[Stored dataset items]
--*--
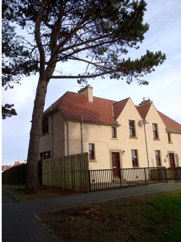
Parsonspool looking at 64 Parsonspool
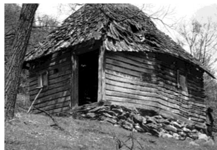
Fig. 5. A log and stone cabin Колиба од дрвета и камена
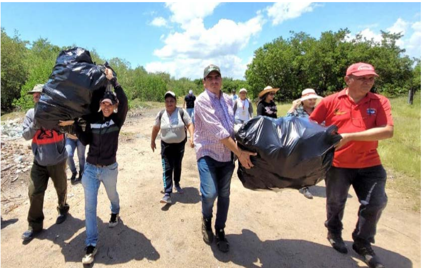
1,017 volunteers participated in this action

The environmental authority in the state of Zulia assured that the deployment will be extended in the coming days in different municipalities of the state.
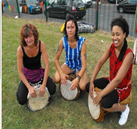
WAD Cultural event (Manchester 2013)
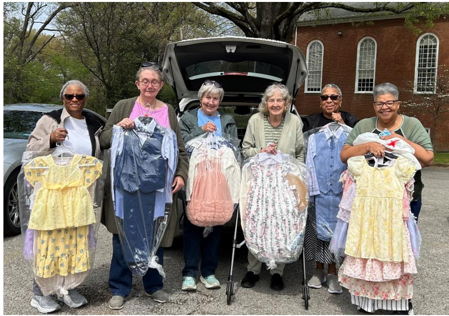
Church Women United Clothing Drive!
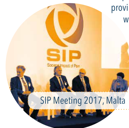
SIP Meeting 2017, Malta
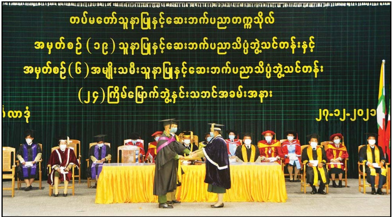
Holding 24 th convocation ceremony of Military Institute of Nursing and Paramedical Sciences

ence were sent to La Trobe University in Australia. In addition, six students were graduated from Ching Mai University and Mahidol University in Thailand, and two
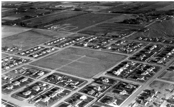
Aerial view of Victoria Park

The 6.92 acres park is located between 10 A. & 11 Avenue, and 14 th & 16 Streets and surrounded by residential area on all sides. After the Agricultural Society relocated to where the Exhibition Grounds are today, the former site was subdivided and auctioned off for residential lots.
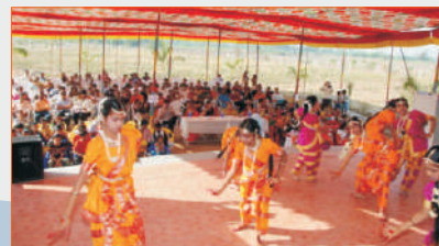
Captivating dance performance on Open BharuchTalent Hunt
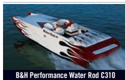
B&H Performance Water Rod C310

But a V-bottom, Howard's 28 Bullet, stole the show. For this test, Howard went with a custom 1,110-hp engine under the hatch. At 110-plus-mph, the ride was steady, reassuring and comfortable. Do I have a soft spot for the 28 Bullet? Yes. Does it deserve to be there? Absolutely.—MT
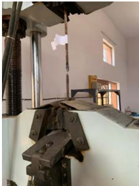
Fig. 6 Testing Setup
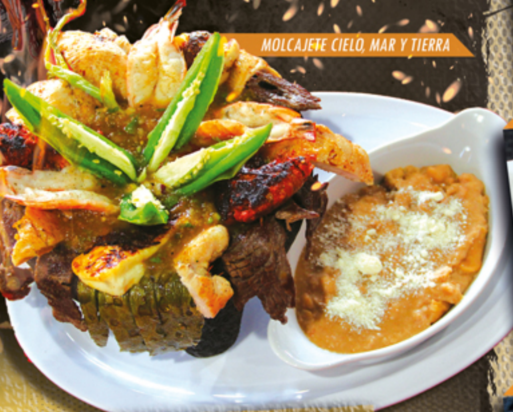
MOLCAJETE CIELO, MAR Y TIERRA
--*--
▶ Task description: From the records above, pull out each line that has "this".

▶ Result of the exercise:
1,017 volunteers participated in this action
But a V-bottom, Howard's 28 Bullet, stole the show. For this test, Howard went with a custom 1,110-hp engine under the hatch. At 110-plus-mph, the ride was steady, reassuring and comfortable. Do I have a soft spot for the 28 Bullet? Yes. Does it deserve to be there? Absolutely.—MT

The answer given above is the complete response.